• Source material:

=== Begin Enclosure ===

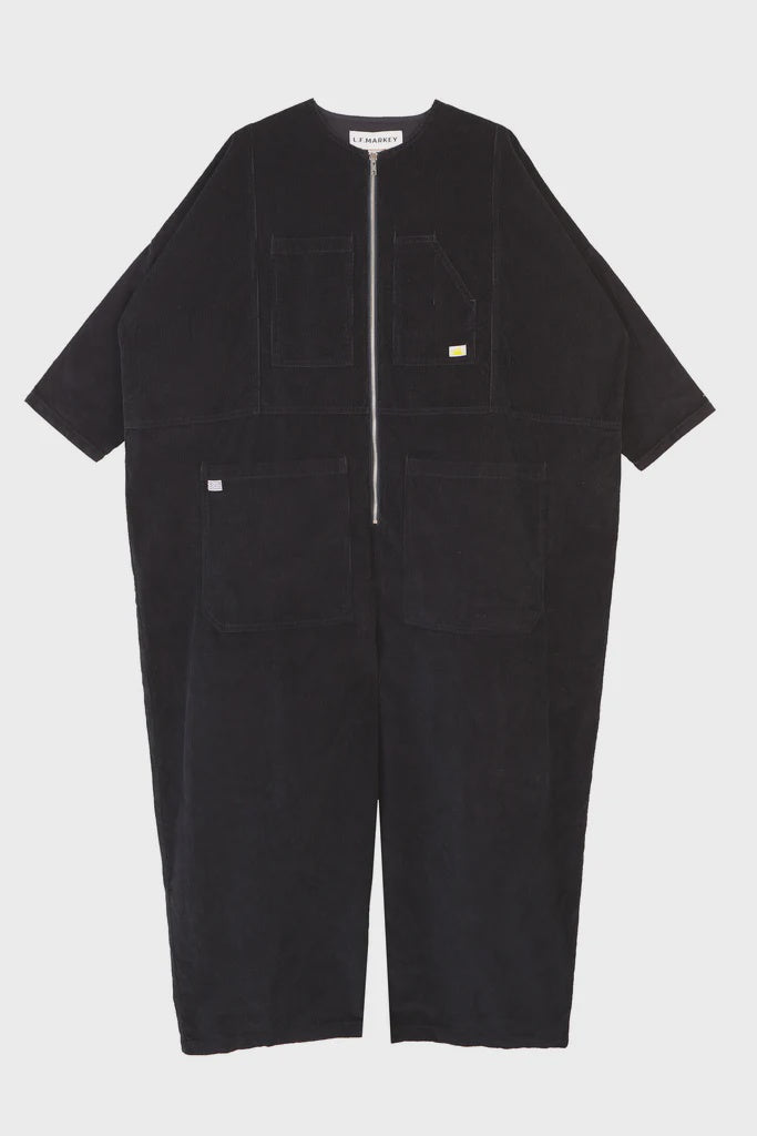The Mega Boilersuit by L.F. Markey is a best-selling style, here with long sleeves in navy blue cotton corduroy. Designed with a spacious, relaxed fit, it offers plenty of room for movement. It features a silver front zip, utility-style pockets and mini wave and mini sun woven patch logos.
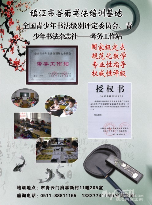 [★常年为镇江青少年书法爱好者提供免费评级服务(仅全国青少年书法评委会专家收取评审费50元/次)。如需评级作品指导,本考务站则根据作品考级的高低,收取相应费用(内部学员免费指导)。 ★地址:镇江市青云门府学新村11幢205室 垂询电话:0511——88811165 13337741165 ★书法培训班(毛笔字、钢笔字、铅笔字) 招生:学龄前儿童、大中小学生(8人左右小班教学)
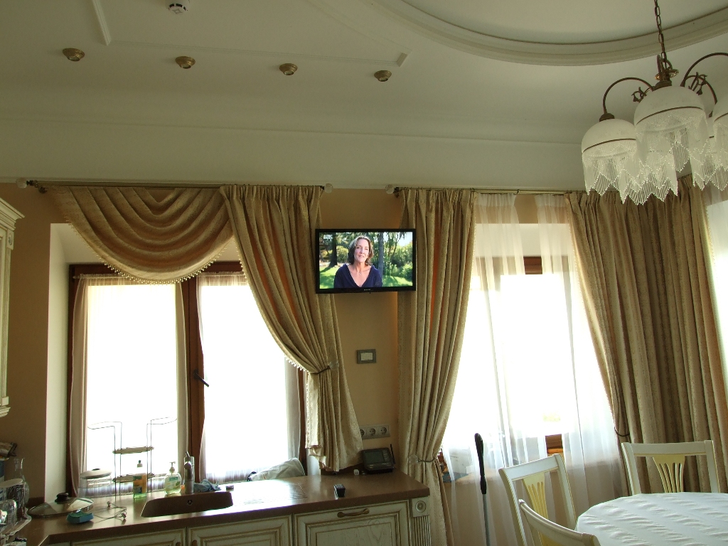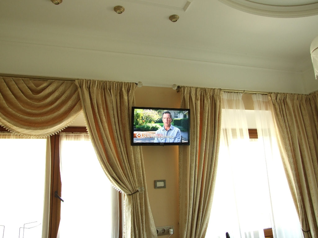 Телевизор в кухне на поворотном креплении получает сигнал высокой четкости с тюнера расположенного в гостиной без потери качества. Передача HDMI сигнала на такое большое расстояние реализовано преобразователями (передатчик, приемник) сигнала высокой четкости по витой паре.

=== End Enclosure ===
=== Begin Enclosure ===

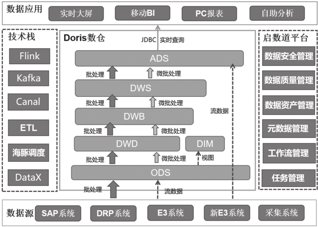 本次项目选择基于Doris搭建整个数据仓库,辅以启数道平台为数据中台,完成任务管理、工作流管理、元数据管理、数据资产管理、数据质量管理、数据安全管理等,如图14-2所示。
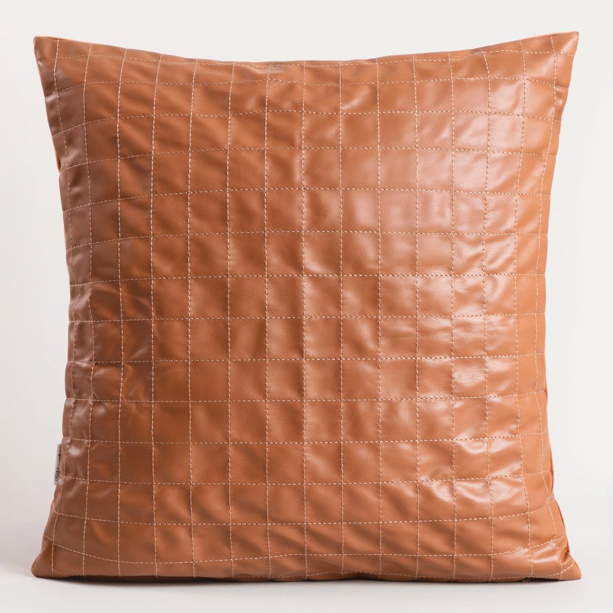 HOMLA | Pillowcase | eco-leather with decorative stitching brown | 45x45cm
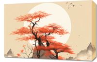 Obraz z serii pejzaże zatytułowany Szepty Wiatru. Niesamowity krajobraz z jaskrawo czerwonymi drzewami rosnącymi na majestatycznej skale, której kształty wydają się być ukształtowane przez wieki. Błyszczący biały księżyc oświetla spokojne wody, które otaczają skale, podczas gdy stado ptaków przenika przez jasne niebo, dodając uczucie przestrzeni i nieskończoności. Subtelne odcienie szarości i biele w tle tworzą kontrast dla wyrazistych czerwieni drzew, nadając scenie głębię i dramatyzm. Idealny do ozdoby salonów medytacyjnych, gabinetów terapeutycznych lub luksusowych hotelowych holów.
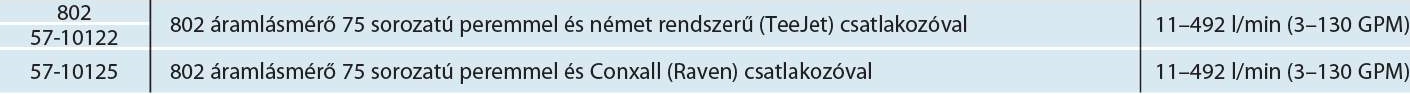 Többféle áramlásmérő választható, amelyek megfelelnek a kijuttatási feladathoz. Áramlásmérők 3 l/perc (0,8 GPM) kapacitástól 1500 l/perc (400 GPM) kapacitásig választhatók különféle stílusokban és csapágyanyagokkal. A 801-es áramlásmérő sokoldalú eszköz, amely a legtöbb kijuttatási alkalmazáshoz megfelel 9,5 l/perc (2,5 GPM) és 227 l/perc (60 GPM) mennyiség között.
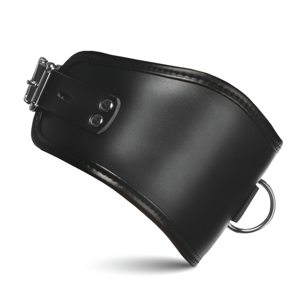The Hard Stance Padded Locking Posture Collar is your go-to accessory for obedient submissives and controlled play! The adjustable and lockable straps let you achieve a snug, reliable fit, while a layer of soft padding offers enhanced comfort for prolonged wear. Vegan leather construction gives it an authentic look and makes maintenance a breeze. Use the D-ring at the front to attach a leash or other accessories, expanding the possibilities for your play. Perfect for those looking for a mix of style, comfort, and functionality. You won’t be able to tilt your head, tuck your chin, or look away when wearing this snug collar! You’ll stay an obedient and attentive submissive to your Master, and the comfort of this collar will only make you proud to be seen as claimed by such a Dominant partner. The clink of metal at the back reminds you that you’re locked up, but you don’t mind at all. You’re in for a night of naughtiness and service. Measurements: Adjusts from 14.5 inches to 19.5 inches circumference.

=== End Enclosure ===

• About this task: Using the entries above, transcribe every line from the line containing "The Mega Boilersuit" through the line containing "13337741165 ★书法培训班(毛笔字、钢笔字、铅笔字) 招生:学龄前儿童、大中小学生(8人左右小班教学)". Do not copy pictures.

• Response for this exercise:
The Mega Boilersuit by L.F. Markey is a best-selling style, here with long sleeves in navy blue cotton corduroy. Designed with a spacious, relaxed fit, it offers plenty of room for movement. It features a silver front zip, utility-style pockets and mini wave and mini sun woven patch logos.
 [★常年为镇江青少年书法爱好者提供免费评级服务(仅全国青少年书法评委会专家收取评审费50元/次)。如需评级作品指导,本考务站则根据作品考级的高低,收取相应费用(内部学员免费指导)。 ★地址:镇江市青云门府学新村11幢205室 垂询电话:0511——88811165 13337741165 ★书法培训班(毛笔字、钢笔字、铅笔字) 招生:学龄前儿童、大中小学生(8人左右小班教学)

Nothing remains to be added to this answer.